Friday, April 15, 2011

Thesis Writing Tips Part 2: Starting Out

Let me just get this part over with and do it for you, okay? Come up with a title and write an outline. Got it? Need me to do even more for you? Okay. Here's what you do, in very specific and easy steps:

1) Write an outline. That comic I linked above is mostly no joke. Seriously. Write it down on a piece of paper if you're so computer illiterate.

Chapter 1: Introduction
Chapter 2: Background and Literature Review
Chapter 3: Specific Aims
Chapter 4: Methods
Chapter 5: Results
Chapter 6: Discussion
Chapter 7: Conclusions

2) Fill it in. Put in a short blurb under each telling yourself what stuff you're going to put in that section. (hint: change your text to red for this if you're writing inside Word. It'll make it easier to find and remind yourself to delete these "messages to yourself" statements later.)

Chapter 1: Introduction
Here I'm going to talk about the broader topic. If my research relates to a disease (in any vague way) then I'm going to maybe start with that - Autism / Alzheimer's / Cancer Type X affects this many people, and a lot of research has already gone into this aspect of studying the disease. But more needs to be done here. Blah blah.
Chapter 2: Background and Literature Review
Here's where you can really get a hefty chunk of pages out of the way. Go into as much or as little detail about other people's research as you like. Talk about what they did, where their shortcomings were, why it was successful or groundbreaking. If you're really hurting for pages, go back to the days of yore, when your field was invented, and talk about those guys. Cite everything with as many references as possible! Remember to use the long form of citation (Author's name, author name, et al., year) in order to get the maximum length out of citations. Don't use numbers! I don't know about your school, but mine actually preferred long form.
Chapter 3: Specific Aims
Subheading 1: Specific Aim 1
I'm going to develop this protocol.
Subheading 2: Specific Aim 2
I'm going to compare my new protocol against the established stuff
Be really specific. I thought this kind of outline was too obvious, but my advisor told me otherwise. As obvious and straightforward as possible. It makes it easier to read.
Chapter 4: Methods
As detailed as possible. Everything you did, with so much detail, any idiot could reproduce it.
Chapter 5: Results
The literal results that came out of your methods. No extra hand-waving necessary. Just tell people about unexpected things that came up during the course of the study, and throw up an actual list of results.
Chapter 6: Discussion
Here's where you start talking about what worked, what didn't, and whether or not you achieved your specific aims.
Chapter 7: Conclusions
Here's where you talk about what you did (again) and why it's relevant to that thing you talked about in the introduction. Also, what didn't work, and how one might fix it in future studies.

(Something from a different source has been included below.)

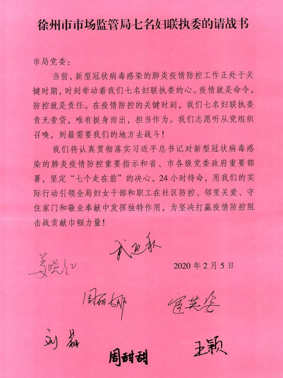 在当前疫情防控的阻击战中,徐州市场监管系统女同胞正不惧风险、逆行而上,战斗在抗击疫情的最前线。徐州市局妇联的七名执委还向市局党委递交了的请战书,志愿听从党组织召唤,到最需要的地方去战斗!

See? Wasn't that easy? Just keep adding details about what you're going to write about, and it will soon be good enough to give to your advisor and say: "Here's what it's going to look like. Any broad comments?" Because now's a good time to establish what will and won't be covered in your thesis. A good advisor (like mine) will be able to tell you when to put the brakes on, because he doesn't want to read a 500 page thesis, and you've gone TOO broad here or there and would have to do TOO much, so stick with this or that, thank you very much.

Besides, later you'll want to be able to say: "Hey. We talked about that, and it wasn't going to be put in this thesis. We agreed."